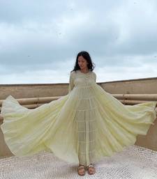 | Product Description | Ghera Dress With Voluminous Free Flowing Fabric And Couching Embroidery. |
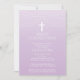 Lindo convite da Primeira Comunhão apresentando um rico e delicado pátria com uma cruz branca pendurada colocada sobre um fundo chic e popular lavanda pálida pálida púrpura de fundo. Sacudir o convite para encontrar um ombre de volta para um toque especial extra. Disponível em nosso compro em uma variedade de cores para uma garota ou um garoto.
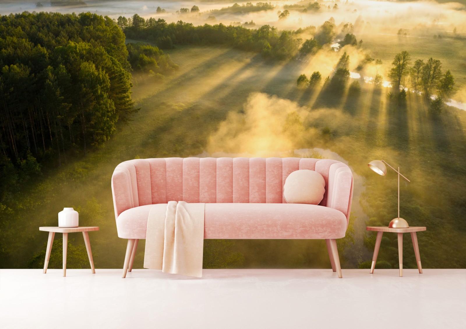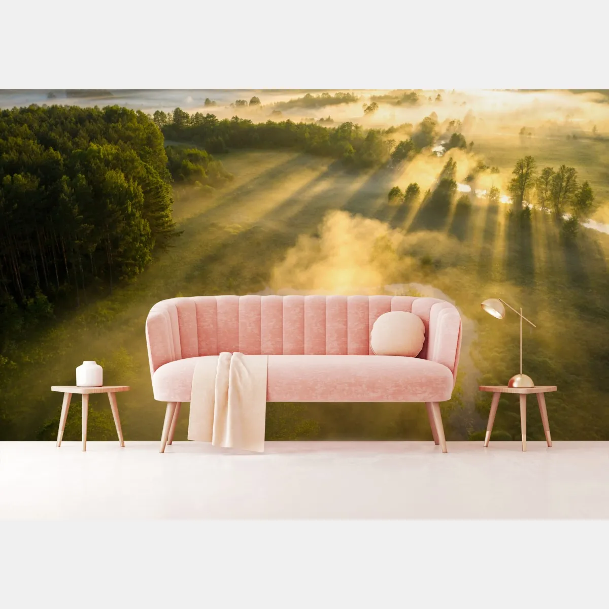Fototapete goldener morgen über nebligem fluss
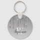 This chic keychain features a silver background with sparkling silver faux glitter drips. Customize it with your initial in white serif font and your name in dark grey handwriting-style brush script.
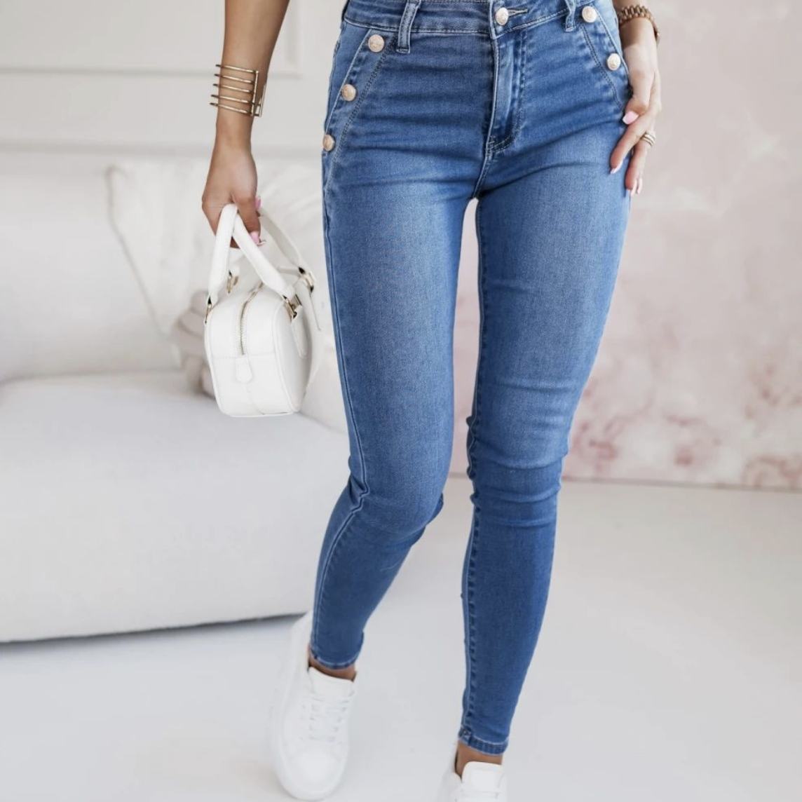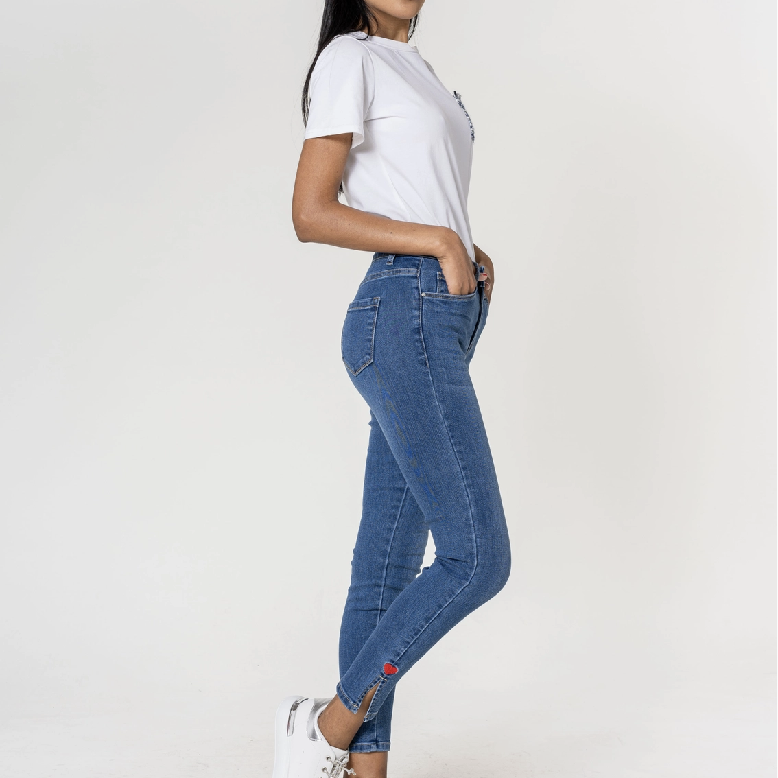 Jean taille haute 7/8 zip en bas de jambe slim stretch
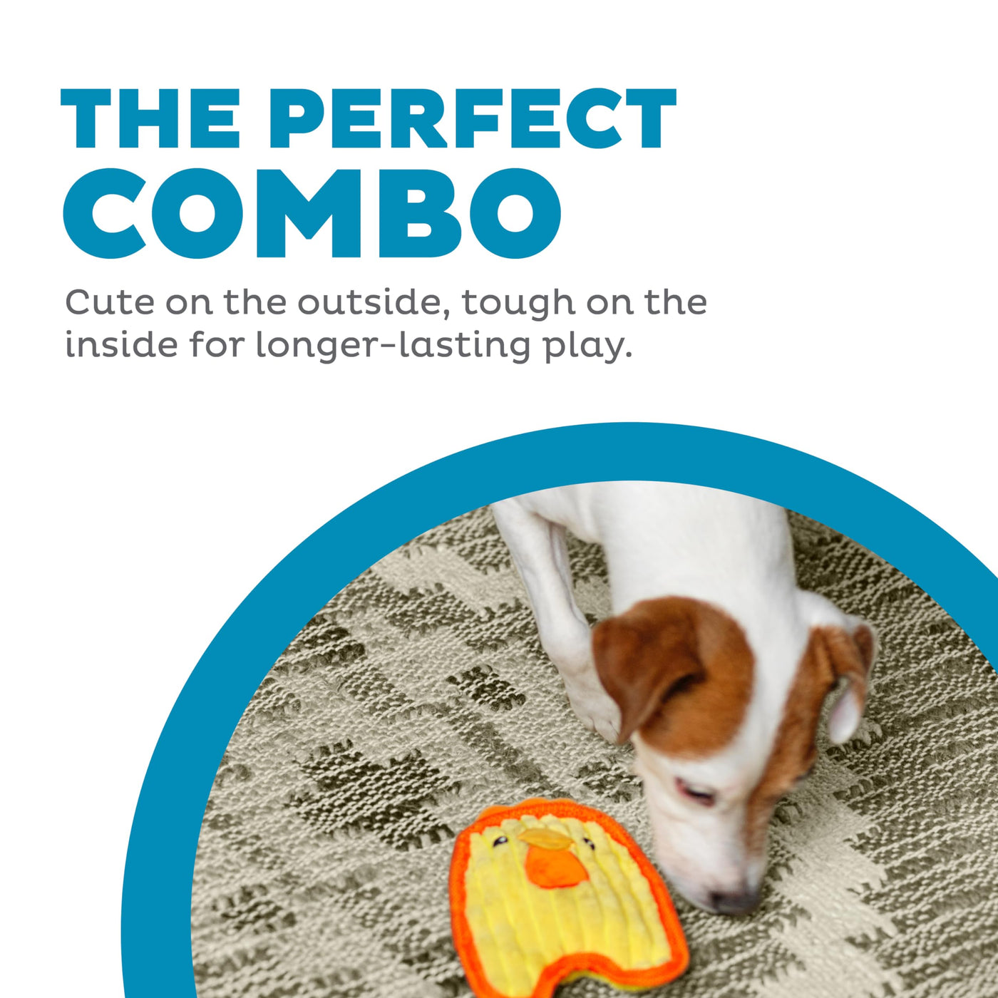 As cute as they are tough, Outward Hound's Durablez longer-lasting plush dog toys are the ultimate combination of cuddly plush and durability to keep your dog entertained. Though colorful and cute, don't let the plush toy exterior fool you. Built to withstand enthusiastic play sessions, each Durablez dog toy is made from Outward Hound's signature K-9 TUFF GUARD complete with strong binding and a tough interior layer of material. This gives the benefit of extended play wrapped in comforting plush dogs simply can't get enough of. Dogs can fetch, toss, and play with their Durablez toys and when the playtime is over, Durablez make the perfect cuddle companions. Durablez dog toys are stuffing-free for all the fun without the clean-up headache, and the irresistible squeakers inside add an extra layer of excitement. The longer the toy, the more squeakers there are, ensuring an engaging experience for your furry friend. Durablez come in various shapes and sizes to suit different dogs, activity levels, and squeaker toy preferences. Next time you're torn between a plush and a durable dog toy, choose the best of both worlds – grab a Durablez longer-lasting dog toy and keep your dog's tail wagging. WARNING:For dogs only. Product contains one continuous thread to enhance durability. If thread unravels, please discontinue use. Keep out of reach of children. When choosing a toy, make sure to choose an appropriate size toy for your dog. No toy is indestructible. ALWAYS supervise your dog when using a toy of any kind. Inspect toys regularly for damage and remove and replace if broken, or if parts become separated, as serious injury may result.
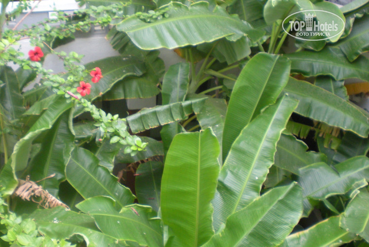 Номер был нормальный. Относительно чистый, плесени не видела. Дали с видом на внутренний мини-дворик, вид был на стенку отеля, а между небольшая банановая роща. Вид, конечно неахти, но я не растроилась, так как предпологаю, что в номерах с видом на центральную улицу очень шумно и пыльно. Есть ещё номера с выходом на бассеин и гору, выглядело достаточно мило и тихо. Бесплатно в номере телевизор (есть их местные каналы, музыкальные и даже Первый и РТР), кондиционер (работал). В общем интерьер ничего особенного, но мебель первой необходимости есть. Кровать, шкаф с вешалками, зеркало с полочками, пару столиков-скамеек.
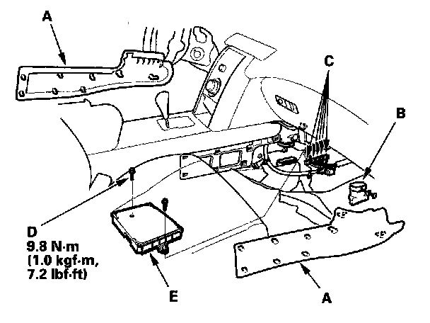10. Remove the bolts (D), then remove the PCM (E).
──────────────────────────────
• What to work on:
Repeat word for word the lines beginning at the one with "Номер был нормальный." and ending at the final line of the records above, both included, and no others. Leave the pictures out.

• The completed task:
 Номер был нормальный. Относительно чистый, плесени не видела. Дали с видом на внутренний мини-дворик, вид был на стенку отеля, а между небольшая банановая роща. Вид, конечно неахти, но я не растроилась, так как предпологаю, что в номерах с видом на центральную улицу очень шумно и пыльно. Есть ещё номера с выходом на бассеин и гору, выглядело достаточно мило и тихо. Бесплатно в номере телевизор (есть их местные каналы, музыкальные и даже Первый и РТР), кондиционер (работал). В общем интерьер ничего особенного, но мебель первой необходимости есть. Кровать, шкаф с вешалками, зеркало с полочками, пару столиков-скамеек.
10. Remove the bolts (D), then remove the PCM (E).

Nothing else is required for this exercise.